DATA PROVIDED:

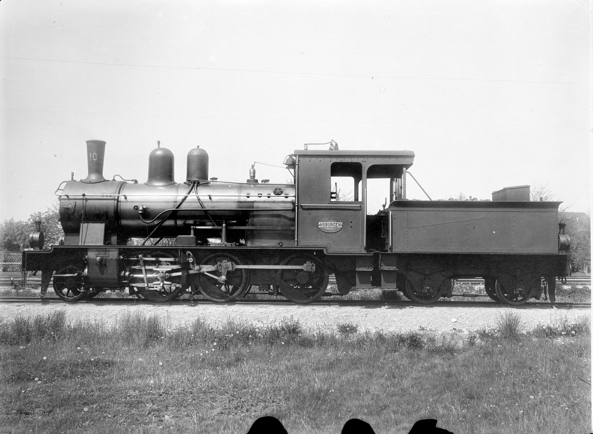 GJ lok 10. Fick namnet Hoburgen. Leveransfoto. Loket tillverkades av Nohab, tillverkningsnummer 900. Såldes 1948 till Sveriges Järnvägar, fick littera SJ L19p 3069. Skrotades 1968.
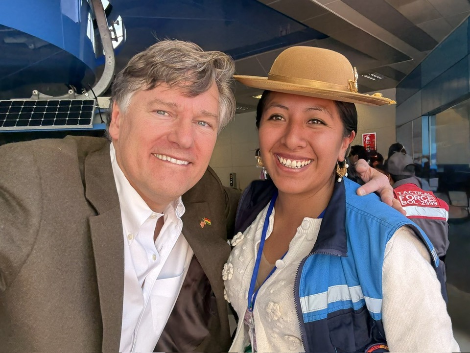 Esta suma de colores. Esta diversidad. Esos ojos azules de él y esos reilones ojos negros de ella. El vicecanciller de EEUU llegó ayer en su avión privado. Gritó “Viva Bolivia” y los bolivianos empezamos a ver el reencuentro EEUU-Bolivia.
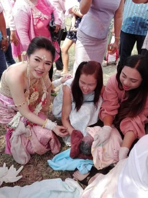 โดยพูดเป็นเสียงเดียวกันว่า ถือเป็นฤกษ์ดีมหามงคลของงานแต่งงาน ที่มีเด็กทารกแรกคลอด โผล่ลืมตาดูโลกกลางงานแต่งและเป็นโชคดีของเจ้าบ่าวเจ้าสาว
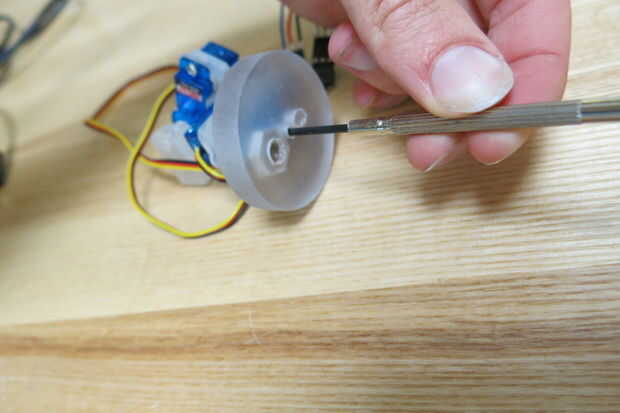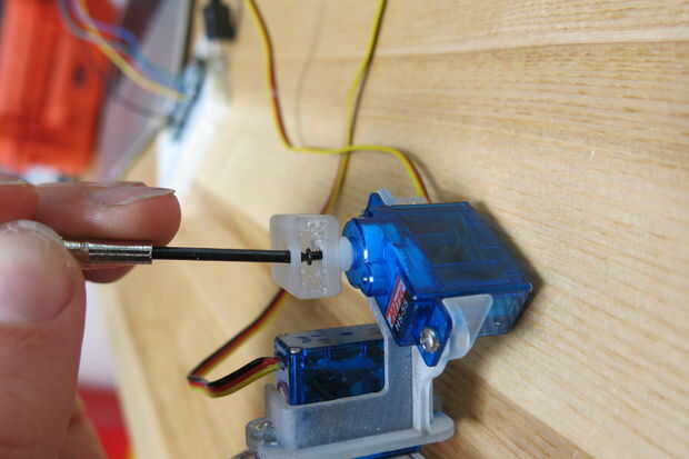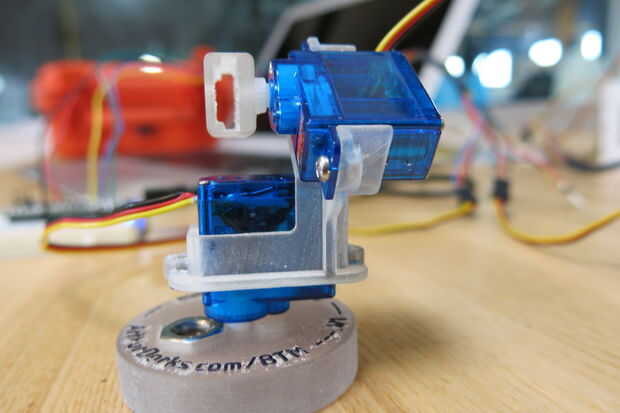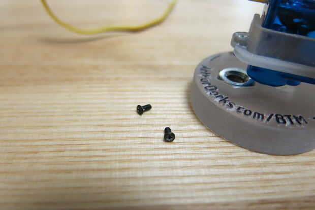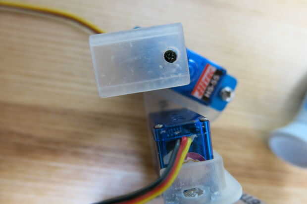 Sin mover los cabezales servo, coloque con cuidado el soporte base y láser en su lugar. Uso los pequeño tornillos que se salvó de los cuernos de servo para atornillar en su lugar. Asegurarse de que no hay poder correr cuando hace esto, podría romper sus servos.
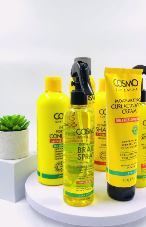 👉🏽COSMO KERATIN SHAMPOO 👉🏽COSMO INTENSE CONDITIONER 👉🏽 COSMO OLIVE OIL SHEEN SPRAY 👉🏽COSMO BRAID SPRAY 👉🏽MOISTURIZING CURL ACTIVATOR CREAM 👉🏽COSMO MOISTURIZING DETANGLING SPRAY
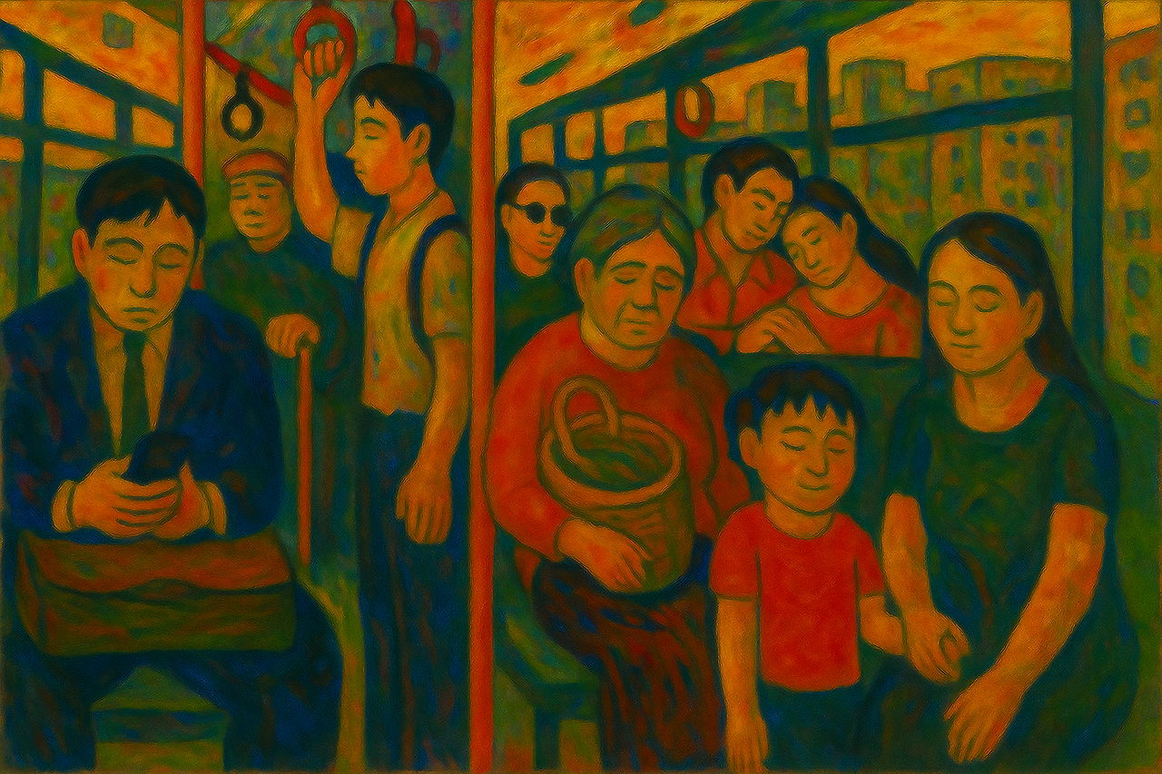 <버스 탄 사람들>은 이런 버스 안의 인간적인 분위기를 다양한 삶의 모습을 한 승객들을 통해 표현하고 있습니다. 작품을 보시면, 참 다양한 얼굴들이 있죠. 무거운 책가방을 맨 학생, 미처 확인 못한 연락들에 답장하는 직장인, 지팡이를 든 할아버지, 한껏 멋을 낸 청년, 사랑을 속삭이는 연인, 저녁거리가 든 장바구니를 꼭 쥔 아주머니, 그리고 아이의 재잘거림을 미소로 듣고 있는 어머니까지. 각자의 목적지는 다르지만, 버스 안의 공통된 시간과 공간이 서로 다른 사람들의 삶을 교차시키고 있습니다.
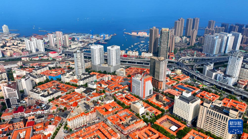 鳥瞰青島老城區(qū)一角(8月17日攝,無人機(jī)照片)。持續(xù)“城市更新”讓青島歷史文化街區(qū)煥發(fā)生機(jī)。

WHAT YOU SHOULD DO: Word-for-word copy, no pictures: write out the entries above in full.

EXPECTED ANSWER:
 GJ lok 10. Fick namnet Hoburgen. Leveransfoto. Loket tillverkades av Nohab, tillverkningsnummer 900. Såldes 1948 till Sveriges Järnvägar, fick littera SJ L19p 3069. Skrotades 1968.
 Esta suma de colores. Esta diversidad. Esos ojos azules de él y esos reilones ojos negros de ella. El vicecanciller de EEUU llegó ayer en su avión privado. Gritó “Viva Bolivia” y los bolivianos empezamos a ver el reencuentro EEUU-Bolivia.
 โดยพูดเป็นเสียงเดียวกันว่า ถือเป็นฤกษ์ดีมหามงคลของงานแต่งงาน ที่มีเด็กทารกแรกคลอด โผล่ลืมตาดูโลกกลางงานแต่งและเป็นโชคดีของเจ้าบ่าวเจ้าสาว
 Sin mover los cabezales servo, coloque con cuidado el soporte base y láser en su lugar. Uso los pequeño tornillos que se salvó de los cuernos de servo para atornillar en su lugar. Asegurarse de que no hay poder correr cuando hace esto, podría romper sus servos.
 👉🏽COSMO KERATIN SHAMPOO 👉🏽COSMO INTENSE CONDITIONER 👉🏽 COSMO OLIVE OIL SHEEN SPRAY 👉🏽COSMO BRAID SPRAY 👉🏽MOISTURIZING CURL ACTIVATOR CREAM 👉🏽COSMO MOISTURIZING DETANGLING SPRAY
 <버스 탄 사람들>은 이런 버스 안의 인간적인 분위기를 다양한 삶의 모습을 한 승객들을 통해 표현하고 있습니다. 작품을 보시면, 참 다양한 얼굴들이 있죠. 무거운 책가방을 맨 학생, 미처 확인 못한 연락들에 답장하는 직장인, 지팡이를 든 할아버지, 한껏 멋을 낸 청년, 사랑을 속삭이는 연인, 저녁거리가 든 장바구니를 꼭 쥔 아주머니, 그리고 아이의 재잘거림을 미소로 듣고 있는 어머니까지. 각자의 목적지는 다르지만, 버스 안의 공통된 시간과 공간이 서로 다른 사람들의 삶을 교차시키고 있습니다.
 鳥瞰青島老城區(qū)一角(8月17日攝,無人機(jī)照片)。持續(xù)“城市更新”讓青島歷史文化街區(qū)煥發(fā)生機(jī)。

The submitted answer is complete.